On all these fronts, unfortunately the record of this patient called India, since independence in 1947, has been abysmal. In its infancy, some of India’s ailments could of course be attributed to its difficult, C-section birth, when much blood was lost and the child itself born quite deformed.
The real problem, however was, that as the country gained strength in its youth, it refused to share these gains equitably throughout the body of the nation, leading to an unhealthy concentration of power and resources among those already at the top of the traditional Indian caste order. As a result, for the first five decades of its existence India grew to resemble someone afflicted by Kwashiorkor, a disease of severe malnourishment — with a swollen head and protruding belly but also weak legs and emaciated body.

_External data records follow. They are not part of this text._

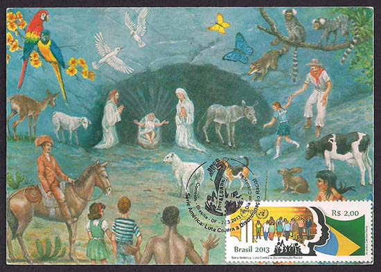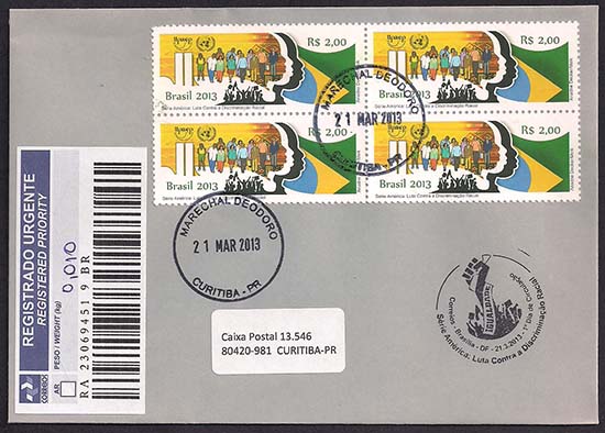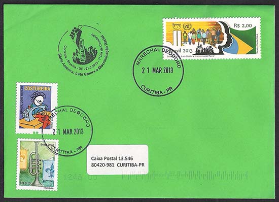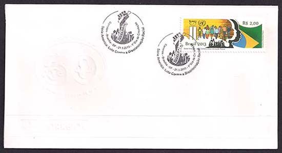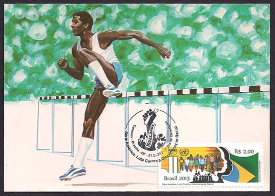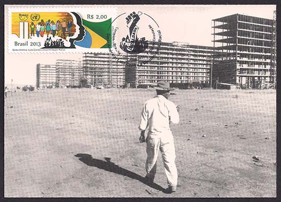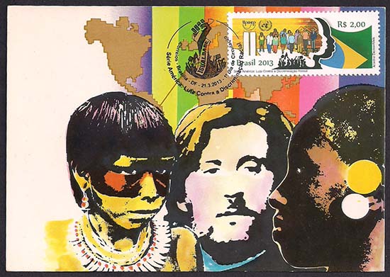 O selo ilustra: Etnia, sociologia, movimentos sociais, campanhas governamentais, luta contra a discriminação racial de pessoas negras, simbolos nacionais, bandeira do Brasil, edifícios públicos, Congresso Nacional, Upaep e Nações Unidas.
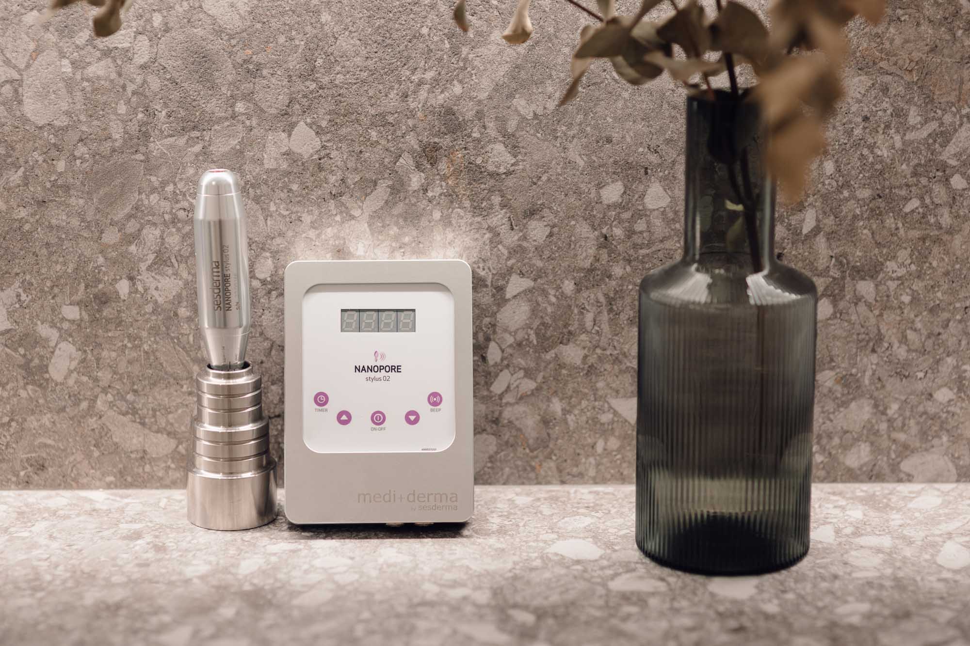 Nanopore es un dispositivo de microneedling o punción eléctrica , minimamente invasivo que, a través del módulo de agujas impulsadas por un motor eléctrico de máxima precisión, permite por un lado la penetración de los principios activos en la epidermis y por otro induce y regenera el colágeno y la elastina de la piel.
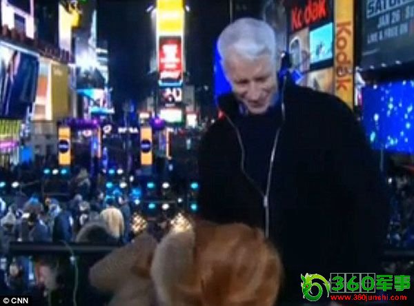据台媒报道,昨日美国CNN电视台进行跨年之夜特别节目,让当家男主播古柏(AndersonCooper)和喜剧女演员葛林芬(KathyGriffin)担任主持人,2人联手在纽约时代广场进行跨年晚会的连线转播,但在节目中间时,葛林芬突然往下蹲,亲了古柏的下体,让古柏相当尴尬,不少观众被吓到,直言“尺度太大”。
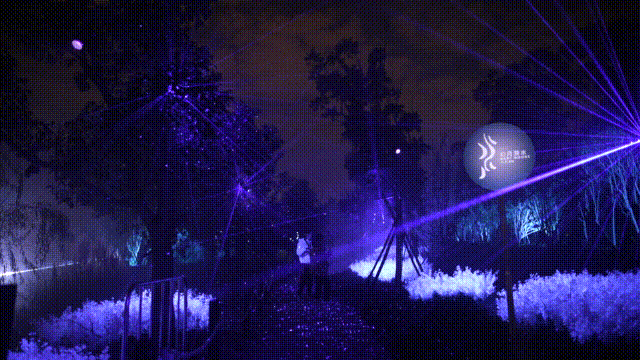 漫步在沿途的森林小道中,“霧靄朦朧,如在仙境”是給人的直觀印象。路旁樹梢燈光灑落,熒光樹叢搖曳生姿,云端之橋夢幻飄忽,猴子撈月上演一場經(jīng)典的“中國式”浪漫,點點星光編織出夢的輪廓。
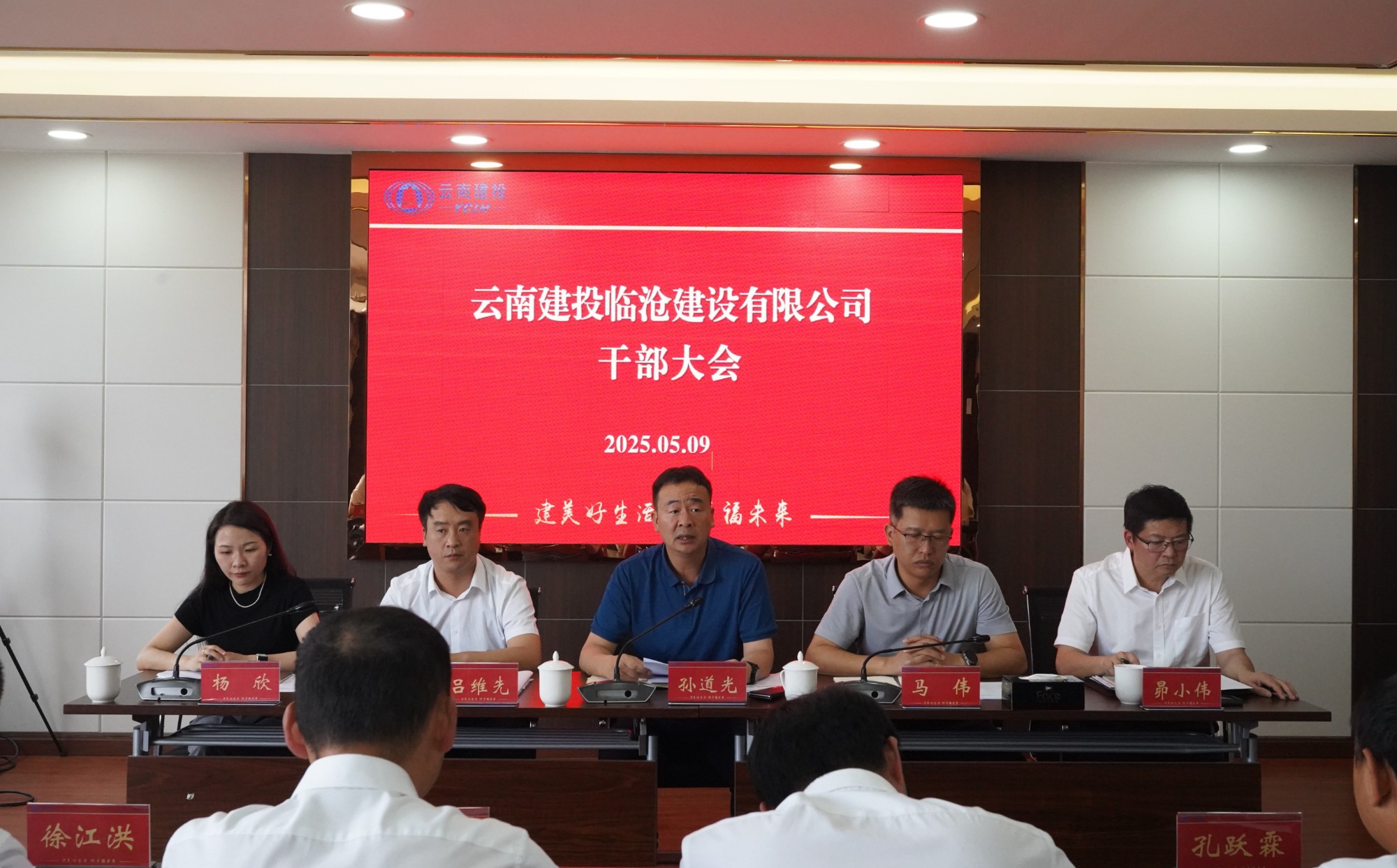 5月9日下午,临沧公司召开干部大会,宣布公司党委关于临沧公司中层干部的任免决定,公司党委书记、董事长,临沧公司执行董事孙道光出席会议并讲话?;嵋橛晒镜澄?、副总经理,临沧公司党总支书记、总经理马伟主持。
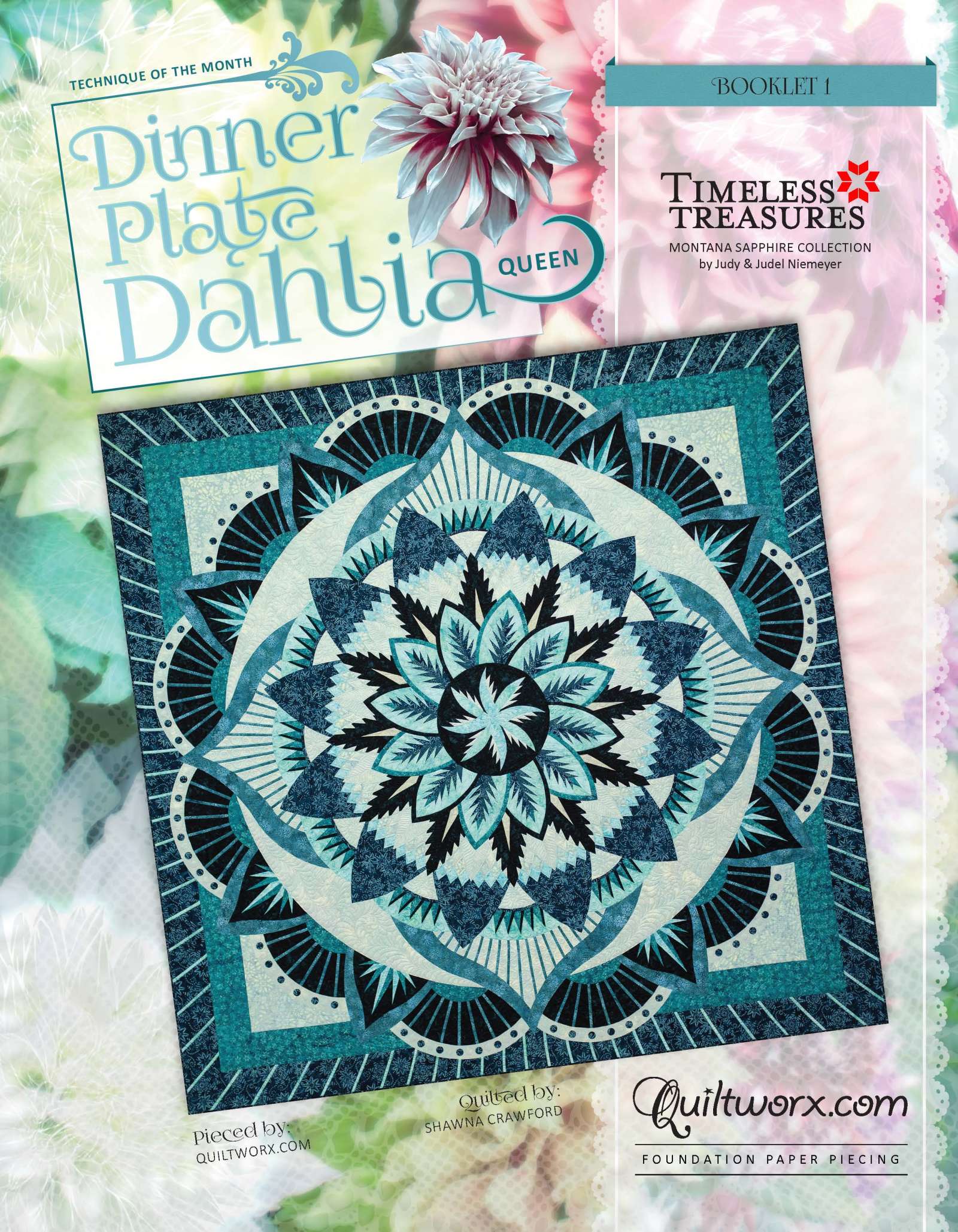 The Dinner Plate Dahlia is the 2019 Technique of the Month pattern. Create your own colorway using our digital quilt planner to make sure you love the look of your finished quilt before starting to sew! The Quiltworx Technique of the Month program launches every two years. The featured pattern is beautifully designed using a wide-range of techniques created by Judy Niemeyer which can be used in all of her foundation paper-pieced patterns. This program is taught by Quiltworx Certified Shops and Certified Instructors and the may be purchased solely through them, some of whom are suppliers in our Marketplace.
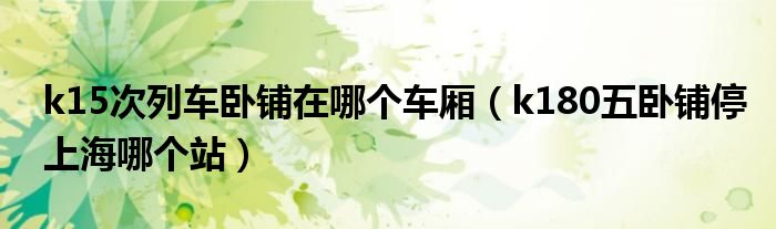 大家好,小育来为大家讲解下。k15次列车卧铺在哪个车厢,k180五卧铺停上海哪个站很多人还不知道,现在让我们一起来看看吧!
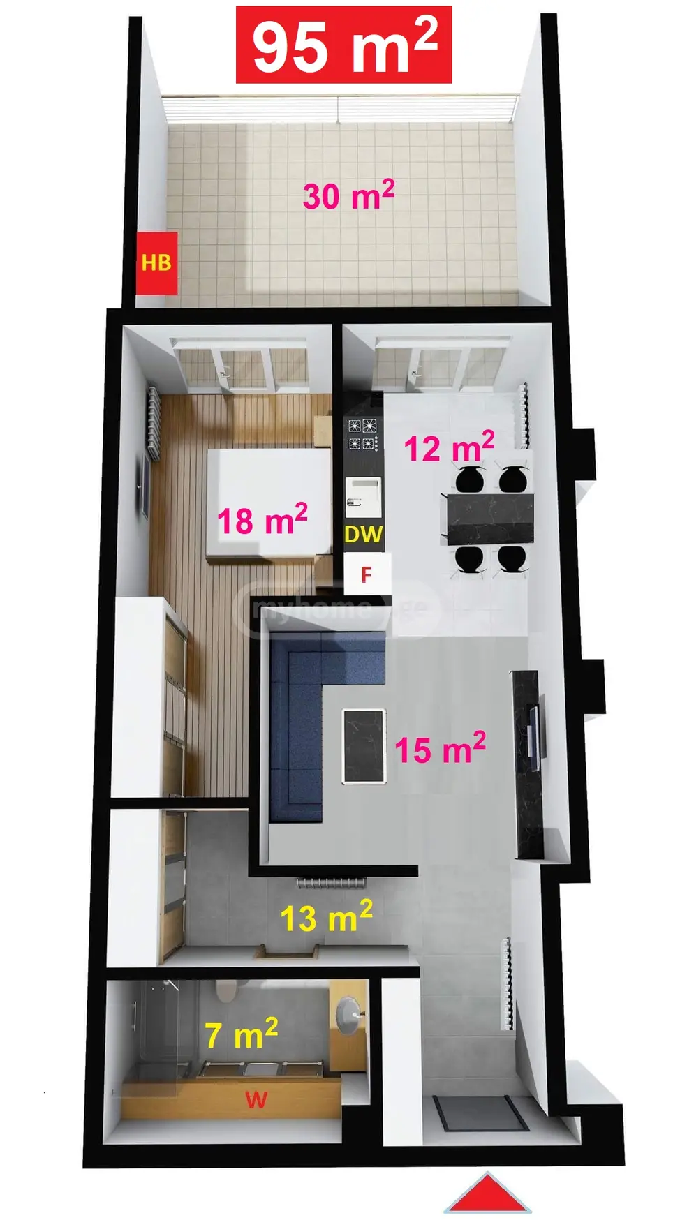 - ფართობი 95 m²

And as it crossed the age of fifty the Indian Republic suddenly bloated up due to opening of the economy, which brought in a rich diet of foreign funds. Even this was never shared equally but with more crumbs going around, millions of poor and unemployed Indians flocked to the cities, lured by the dream of a decent livelihood (the same ones trudging back to the villages now).
The rising overall wealth was also not invested wisely in improving the lives of workers, farmers, youth or investments in health, education or even ensuring good nutrition and safe drinking water for everyone. Instead, the gluttonous the Indian elite — better dubbed the Feast India Company- binged on national resources at the expense of poorer citizens and the nation’s future.
As a consequence, the Indian Republic, now in its early seventies, looks like a typical RWA[i] uncle of similar age — diabetic, hypertensive, with arthritic knees and severe pain in the lower back. Someone, who does not care much for his own physical well-being as his children are ‘well-settled abroad’ but will do a full throated ‘Bharat Mata ki Jai’ to confirm the body still belongs to him.
What is worse, this upper caste Hindu uncle has in recent times become completely addicted to the narcotic of communal hatred, often homemade but sometimes imported. He shoots the poison up his veins to distract attention from various bodily aches and shows homicidal impulses by abusing or threatening his neighbours, usually weaker or less privileged than him.
Well, with so many co-morbidities, if India were indeed a COVID-19 patient, any good doctor would by now have put it on a ventilator, while advising close relatives to pray hard. The prognosis for the patient’s survival or escaping with least damage to vital organs does not seem very good at the moment — especially as he is blabbering something about ‘self-reliance’, blissfully unaware of impending danger.
A lot depends on not just skills of health personnel involved but critically on the quality of the ventilator itself. Going by experience though, one can safely say, if the device was anything procured from the state of Gujarat, we should keep firewood for the funeral ready and prepare to chant with great sorrow ‘Ram Nam Satya Hai’.
Satya Sagar is a journalist and public health worker who can be reached at sagarnama@gmail.com
[i] RWA — Resident Welfare Association, a body set up to manage day to day affairs of middle-class residential complexes in many Indian cities.